Task statement: Take the entries below and reproduce exactly the portion that begins at the line containing "of a reactor)如圖2公式,典型的電抗率是3%或者5%。" and ends at the line containing "信頼度の高いクレジットカードを利用する場合、以下のようなデメリットがあります。", keeping both ends, dropping pictures, and adding nothing else.

Extracted entries:
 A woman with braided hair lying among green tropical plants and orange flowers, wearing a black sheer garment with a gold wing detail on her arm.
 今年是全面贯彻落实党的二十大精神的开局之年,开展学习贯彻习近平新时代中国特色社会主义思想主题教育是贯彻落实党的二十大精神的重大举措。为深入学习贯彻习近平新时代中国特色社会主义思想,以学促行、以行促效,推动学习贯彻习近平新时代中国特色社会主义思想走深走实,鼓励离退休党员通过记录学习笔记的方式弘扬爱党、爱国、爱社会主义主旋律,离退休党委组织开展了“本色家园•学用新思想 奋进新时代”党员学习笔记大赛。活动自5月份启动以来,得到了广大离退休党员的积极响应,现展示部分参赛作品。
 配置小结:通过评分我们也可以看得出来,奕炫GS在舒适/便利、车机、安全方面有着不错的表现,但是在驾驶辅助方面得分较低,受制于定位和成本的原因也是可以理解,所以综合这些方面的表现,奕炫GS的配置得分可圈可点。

--

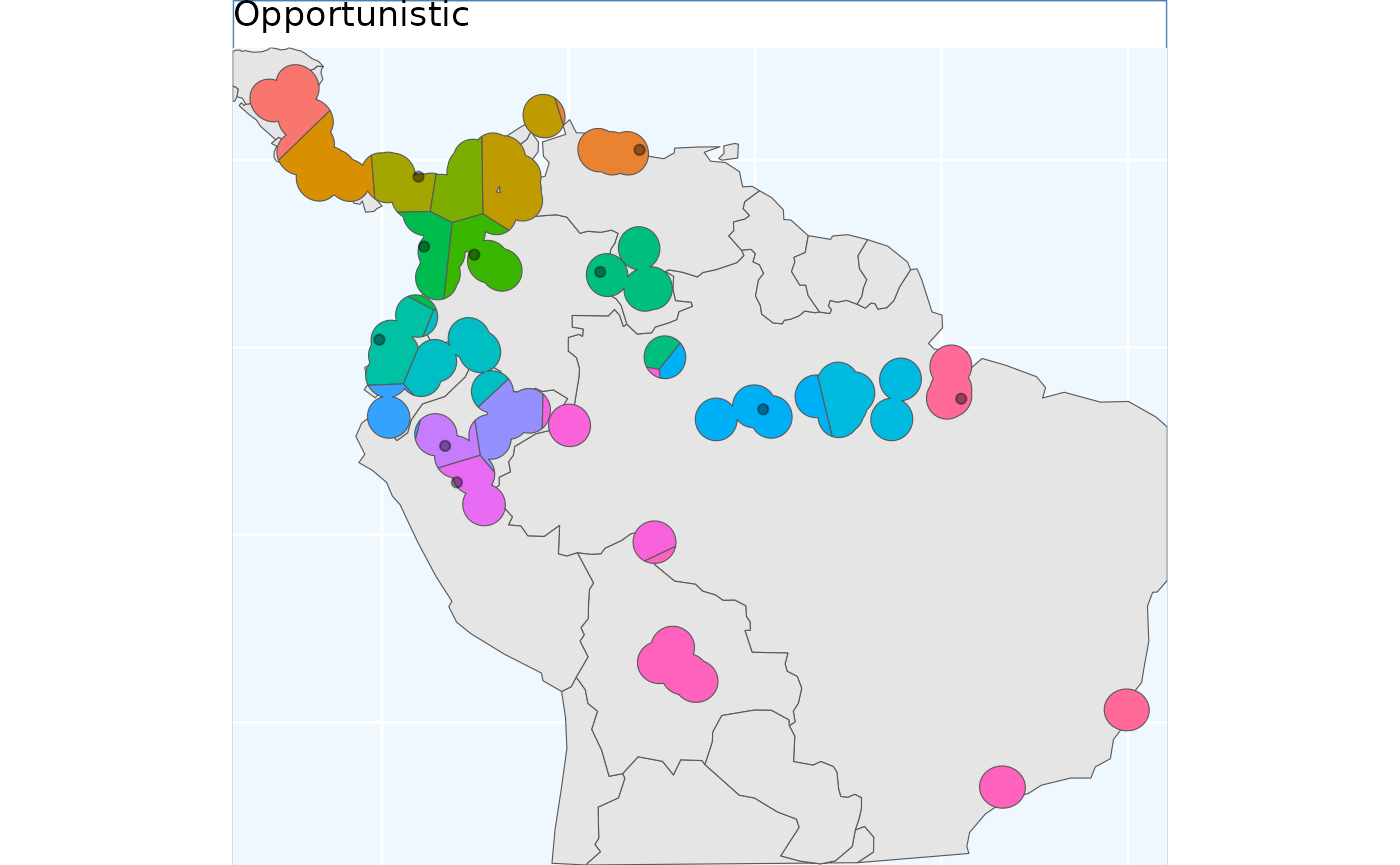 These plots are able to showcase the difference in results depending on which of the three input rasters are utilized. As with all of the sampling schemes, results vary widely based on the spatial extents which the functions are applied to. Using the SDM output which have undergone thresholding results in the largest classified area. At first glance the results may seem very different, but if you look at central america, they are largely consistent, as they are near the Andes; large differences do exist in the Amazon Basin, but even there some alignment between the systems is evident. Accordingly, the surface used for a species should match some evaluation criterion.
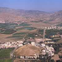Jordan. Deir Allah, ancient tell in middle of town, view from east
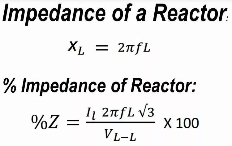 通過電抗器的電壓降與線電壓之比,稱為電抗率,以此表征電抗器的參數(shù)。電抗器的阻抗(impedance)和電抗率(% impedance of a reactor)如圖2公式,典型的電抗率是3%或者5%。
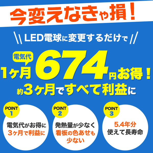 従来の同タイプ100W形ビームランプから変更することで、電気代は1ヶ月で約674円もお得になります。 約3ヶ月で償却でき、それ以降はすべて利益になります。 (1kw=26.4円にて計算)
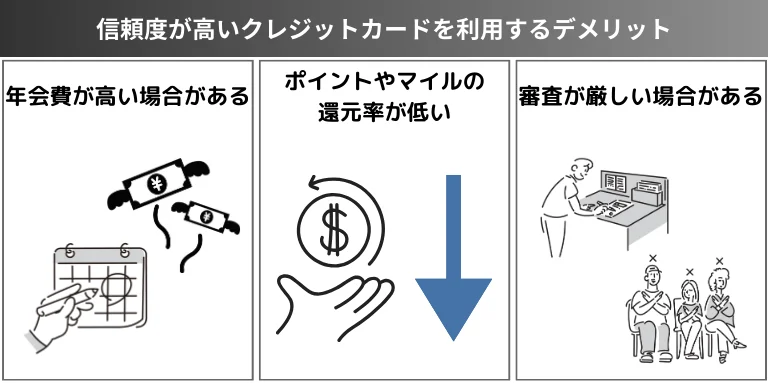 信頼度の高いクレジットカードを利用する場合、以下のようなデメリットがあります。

Reply to the task:
 通過電抗器的電壓降與線電壓之比,稱為電抗率,以此表征電抗器的參數(shù)。電抗器的阻抗(impedance)和電抗率(% impedance of a reactor)如圖2公式,典型的電抗率是3%或者5%。
 従来の同タイプ100W形ビームランプから変更することで、電気代は1ヶ月で約674円もお得になります。 約3ヶ月で償却でき、それ以降はすべて利益になります。 (1kw=26.4円にて計算)
 信頼度の高いクレジットカードを利用する場合、以下のようなデメリットがあります。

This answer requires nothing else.